19. In an action for personal injuries, the complaint alleged the employment of plaintiff by defendant; that within defendant's shops and grounds there was a pit 14 inches wide, 3 feet long, and 5 feet deep, covered with a layer of boards seven eighths of an inch thick, and iron plates half an inch thick, which were not fastened; that while plaintiff and other employes were moving a large casting on a cart over this pit, in the proper discharge of their duties, and without any negligence on the part of any of them, the covering of the pit gave way, precipitating the casting and cart into the pit, the former falling on plaintiff's leg and foot, and permanently injuring him; that defendant knew of the dangerous condition of the pit; and that the same was unknown to plaintiff, and could not have been known to him by the exercise of ordinary care. Held, that the complaint stated a cause of action.-W. C. De Pauw Co. v. Stubblefield, (Ind. Sup.) 31 N. E. 796.

Pleading.

20. In an action by a coal miner against his employer for injuries caused by part of the roof of the mine falling on him, the complaint having alleged that the plaintiff had no knowledge of any defect in the roof, it need not allege facts showing affirmatively that the plaintiff had no means of ascertaining the defect.-Purke County Coal Co. v. Barth, (Ind. App.) 81 N. E. 585.

Evidence.

21. The court properly excluded evidence of a rule of defendant requiring employes to use a stick in coupling and forbidding coupling by hand, where it was not shown that deceased had not acted in accordance with the rule.-Lake Erie & W. R. Co. v. Mugg, (Ind. Sup.) 31 N. E. 564.

22. In an action against a corporation for the negligent killing of plaintiff's intestate while in defendant's employ, an averment in the complaint that "defendant, by its agents and employes, acting under the order of its superintendent and foreman," committed the wrongful act causing the death, is not demurrable on the ground that it shows the death to have been caused by the fellow servants of the deceased, since a corporation must necessarily act through its agents and employes.-Hoosier Stone Co. v. McCain, (Ind.

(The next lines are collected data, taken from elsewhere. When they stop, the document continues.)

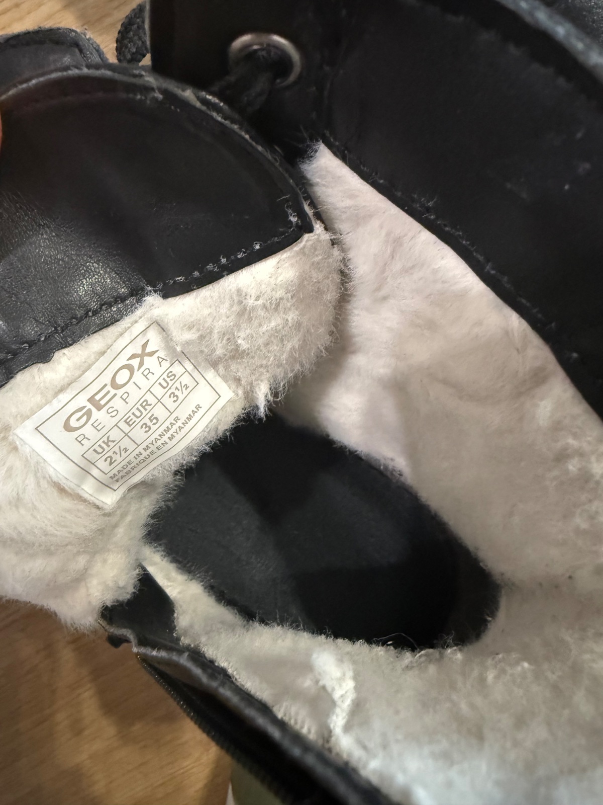 Zateplene kvalitne kozene topanky Geox, vo velkosti 35. Tepla kozusinka, ako nova. Bez poskodeni, nosene na striedacku.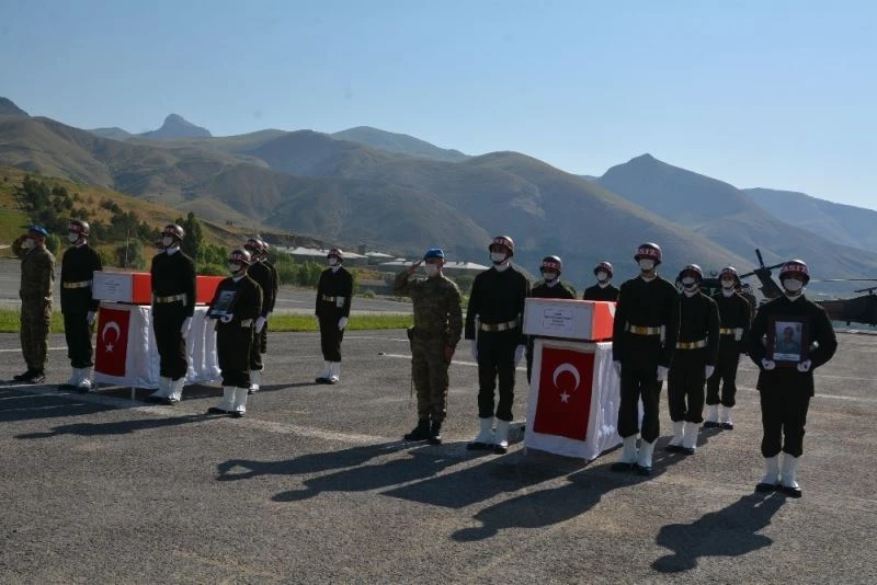 Saygı duruşu ve şehitlerin özgeçmişlerinin okunmasının ardından Hakkari Müftü Vekili Osman Doğan tarafından dualar okunarak, şehitlerin naaşları memleketlerine uğurlandı.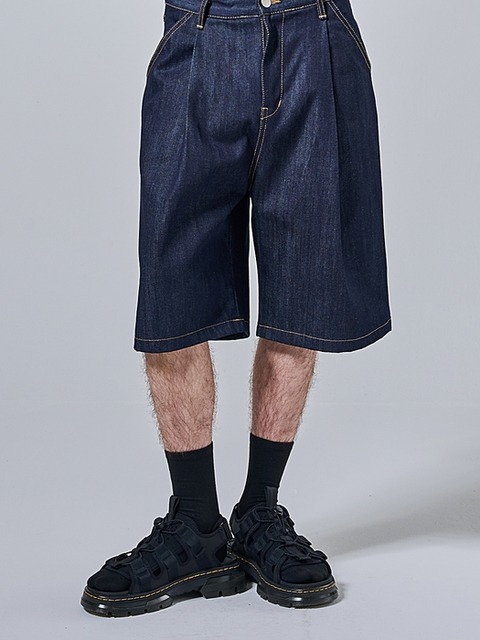 [아더피츠] 버뮤다 와이드 생지데님 반바지 (진청)

Sup.) 31 N. E. 956.

23. Where defendant pleads the general denial to a complaint which avers defendant's negligence, and negatives the existence of contributory negligence by plaintiff, a demurrer is properly sustained to special paragraphs of the answer which do not confess and avoid, but assert argumentatively, that plaintiff never had any cause of action because defendant was not negligent, since evidence in support of such special paragraphs is admissible under the general denial. Hoosier Stone Co. v. McCain, (Ind. Sup.) 31 N. E. 956.

24. Where the complaint alleges that the death of plaintiff's intestate was caused by defendant's negligence, a demurrer is properly sus

tained to a special paragraph of the answer which alleges that the injury was caused by a defective brake in a car furnished defendant by a railroad company, and which prays that plaintiff be compelled to make the railroad company a party to the action, since, if the railroad company's negligence concurred with that of defendant, plaintiff may sue either of the joint tort feasors; and, if the injury was caused solely by the negligence of the railroad company, that fact could be shown under the general denial, also pleaded by defendant.-Hoosier Stone Co. Y. McCain, (Ind. Sup.) 31 N. E. 956.

25. Plaintiff's decedent was injured while employed in defendant's factory, and in an action therefor the only witness present when the accident occurred testified that decedent ascended a ladder to oil a shaft, and, hearing the oil can drop, she looked up, and saw decedent falling between the girt and the shafting; but there was no evidence from which the cause of the accident could be inferred. Held, evidence that the ladder used by decedent was unfit for use, and dangerous, was immaterial, and properly excluded.-Barton v. Kirk, (Mass.) 31 N. E. 1072.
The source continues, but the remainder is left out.